Патрульные расстегнули кобуру и приказали Павлюшину дать им паспорт. На его удивление, серая книжечка оказалась в кармане галифе, и вскоре крепкий сержант милиции уже разглядывал пожелтевшие страницы паспорта под лучами крепких фотонов «жучка», разрывающего тишину ночи своим жужжанием, а мрак своим тускловатым светом.

Однако Павлюшин стал действовать решительно. Моментально вынув из кармана пальто топор, он тупой его частью со всей силы ударил слабого милиционера с «жучком», чей рев сразу прекратился, а острой по шее крепкого «вертухая», который уже почти достал «Наган».

Молодой милиционер рухнул, вдавив фонарик в снег, а Павлюшин принялся рубить топором стоящего на коленях сержанта. Павлюшин не произнес ни единого звука, кроме еле слышных стонов – звук ломающихся костей и бьющей ручьем крови были куда громче.

Павлюшин оттащил труп милиционера к углу забора какого-то частного дома, перевернул его на окровавленный живот, взял очередной «трофей» и оставил свой знак – вот и первая жертва в форме. Потом вынул из кобуры «Наган», предварительно отрубив его шнурок, несколько патронов, лежащих в специальном отсеке, и кинул в пальто. Топором же отрубил и портупею, обтер ее о снег и направился к медленно ползущему молодому милиционеру.

Он пытался кричать, но удар был столь сильным, что голова его совсем не работала, и он не мог даже ногами пошевелить, что уж говорить о крике. Павлюшин содрал с бедного блюстителя законности кобуру, бросил рядом с первым пистолетом и связал ему руки обрубком портупеи.

Вскоре милиционер уже плелся по улице, постоянно качаясь и падая на бок. Павлюшин поднимал его на ноги, вдавливал ствол «Нагана» в затылок, приговаривая: «Заткнись урод, чтоб ни одного звука!».
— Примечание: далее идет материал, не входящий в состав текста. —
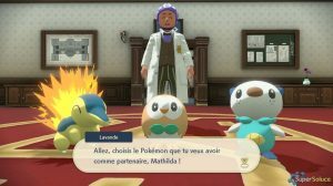 Cyllene의 임무를 수락하면 Laventon 교수가 갤럭시 팀 본부의 메인 로비에서 그를 초대할 것입니다( 그림1 ). 토론이 끝나면 전체 모험 동안 함께 할 첫 번째 포켓몬인 스타터 포켓몬 을 선택해야 합니다 ( 그림 2 ). 접근하여 선택하십시오 ( 그림 3 ).

Однако спокойно дотащить раненого милиционера до своего барака у Павлюшина не получилось. Он увидел, как в еле светящемся окне стоящего на отшибе частного дома мелькнуло лицо – по мнению изувера это являлось признаком того, что его заметили.

Очередной прилив ярости Павлюшина оказался сильнее прежних: он схватил милиционера за шиворот, потащив со всей силы за собой, почти что выломал калитку, поднялся по ступеням, выломал дверь этого несчастного дома и затащил связанного милиционера в комнату, бросив под стоящий рядом с дверью стол.

На Павлюшина выскочил какой-то мужик в одних портках со штыком, но он сразу получил пулю в живот. Выстрел не принес Павлюшину никакого удовольствия: ни крови, ни прилива ликующего чувства, ни радостных галлюцинаций, – ничего. Поэтому он повернул ручку выключателя, достал топор и бросился к прячущейся у печи женщине. Она закрывала лицо руками, ревела, да так, что слезы капали на ее голые, гладкие ноги и шептала лишь одно слово: «Пощади!».

Павлюшин же ничего, кроме писка в ушах и крика: «Убей!» не слышал – очередной удар топора пробил маленькие кисти женщины, а остальные удары разнесли ее череп вдребезги.

Убийство женщины, впрочем, тоже не принесли особого удовольствия Павлюшину – это было как-то непривычно, да и ему хватило своей зарубленной позавчера (уже в пятый раз!) жены. Поэтому после шестого удара он оставил женщину в покое и обернулся. Милиционера под столом не было, а раненый в живот мужик уже выползал на крыльцо. Павлюшин выбежал на улицу, огрел мужчину топором по затылку и затащил обратно в дом милиционера, который упал на кучу дров и уже почти вылез из под них.

Вскоре изувер истерзал мужчину прямо на крыльце, да так истерзал, что кровь текла даже по гнилым ступенькам, смывая свежий снег. А дальше он в очередной раз набросился на милиционера, но без топора – в голове Павлюшина отпечатался четкий приказ дотащить молодого мента до своего барака и мучить там – изувер пинал его, бил головой о стол, бросал на порог к убитому отцу семейства.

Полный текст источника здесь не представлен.